→ **ACTIVITY**: Please give the lines below again exactly as they stand, from the one that contains "COOKER KING 550ML" up to and including the one that contains "可千萬別被這顏色給嚇著了,粉", leaving all pictures out.

** DATA follows **

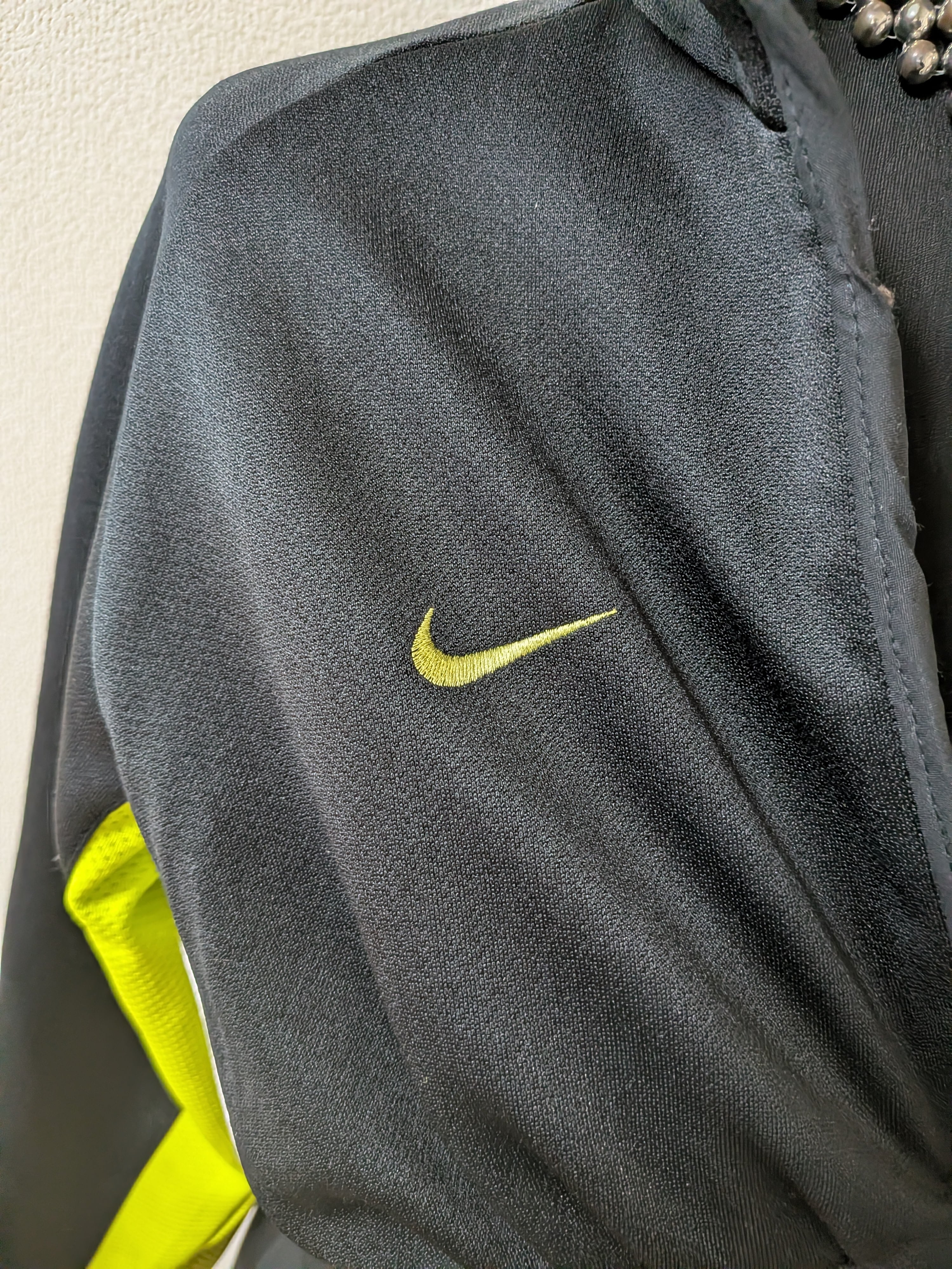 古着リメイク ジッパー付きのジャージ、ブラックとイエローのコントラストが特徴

** End of DATA **
** DATA follows **

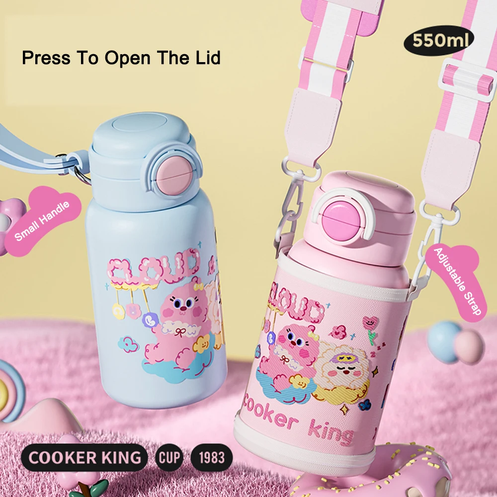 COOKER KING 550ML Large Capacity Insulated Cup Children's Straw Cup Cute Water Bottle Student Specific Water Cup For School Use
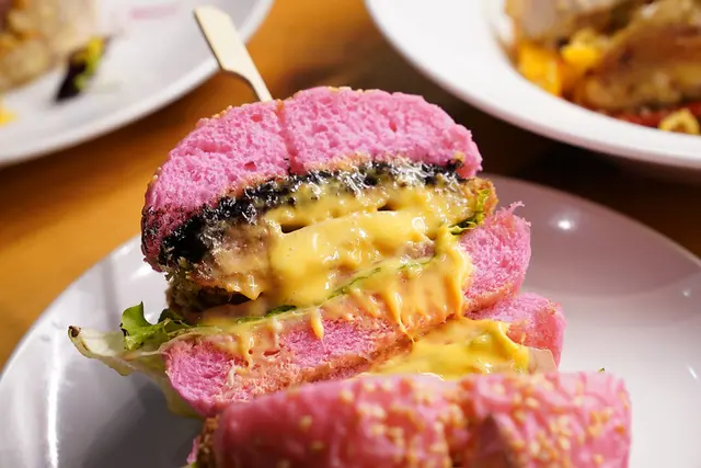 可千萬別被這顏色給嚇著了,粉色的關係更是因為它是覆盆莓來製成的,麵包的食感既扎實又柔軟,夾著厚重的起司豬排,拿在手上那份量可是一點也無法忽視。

** End of DATA **
** DATA follows **

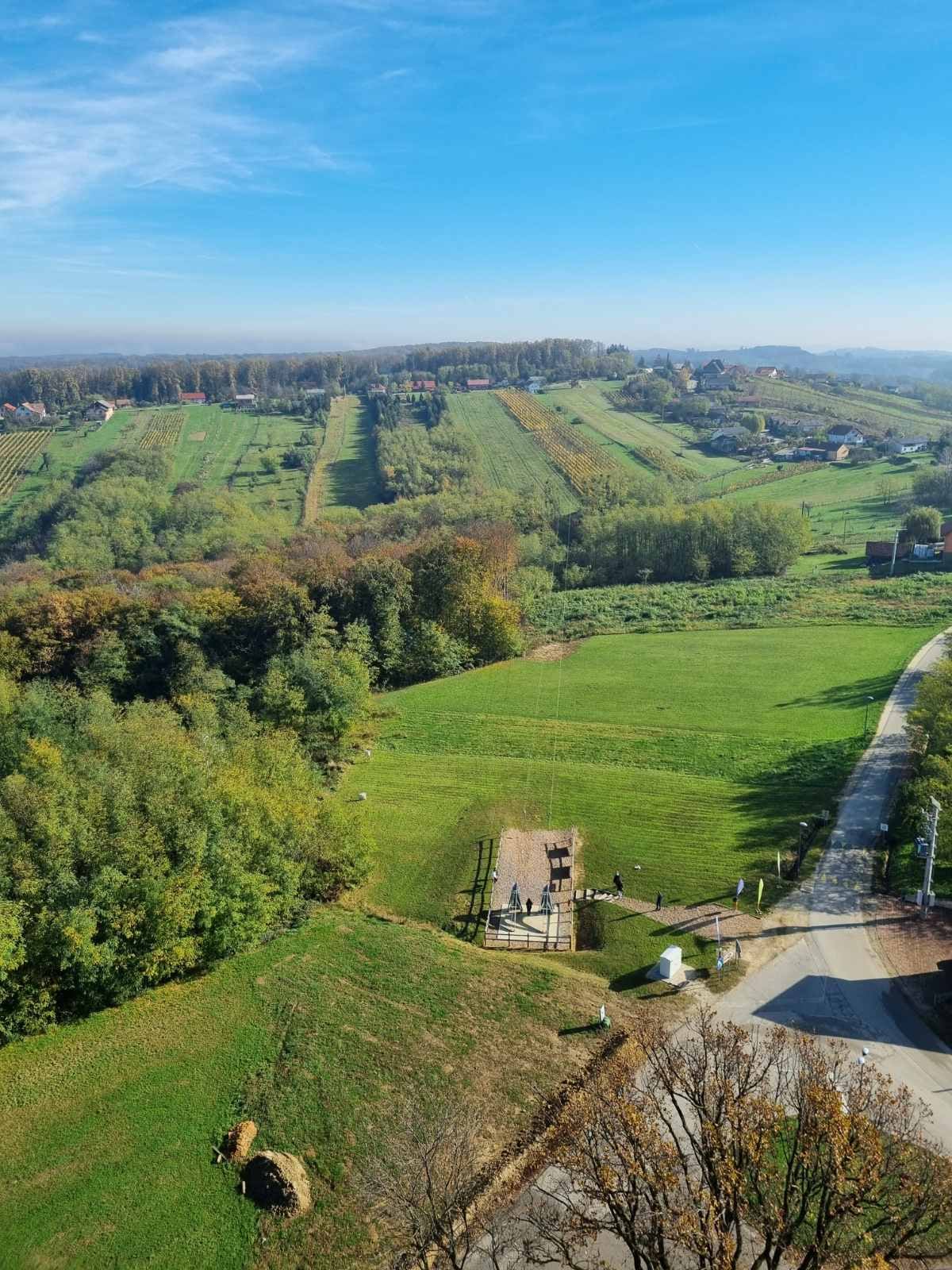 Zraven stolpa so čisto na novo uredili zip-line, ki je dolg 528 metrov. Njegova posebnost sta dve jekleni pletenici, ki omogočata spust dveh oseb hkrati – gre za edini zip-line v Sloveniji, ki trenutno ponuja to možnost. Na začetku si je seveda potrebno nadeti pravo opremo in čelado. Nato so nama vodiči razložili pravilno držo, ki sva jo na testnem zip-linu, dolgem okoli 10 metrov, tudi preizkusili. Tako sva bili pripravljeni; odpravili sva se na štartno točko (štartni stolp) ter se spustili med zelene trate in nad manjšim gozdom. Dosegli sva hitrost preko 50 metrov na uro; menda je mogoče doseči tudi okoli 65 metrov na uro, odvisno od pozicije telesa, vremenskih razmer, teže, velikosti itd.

** End of DATA **

→ **ANSWER AREA**:
 COOKER KING 550ML Large Capacity Insulated Cup Children's Straw Cup Cute Water Bottle Student Specific Water Cup For School Use
 可千萬別被這顏色給嚇著了,粉色的關係更是因為它是覆盆莓來製成的,麵包的食感既扎實又柔軟,夾著厚重的起司豬排,拿在手上那份量可是一點也無法忽視。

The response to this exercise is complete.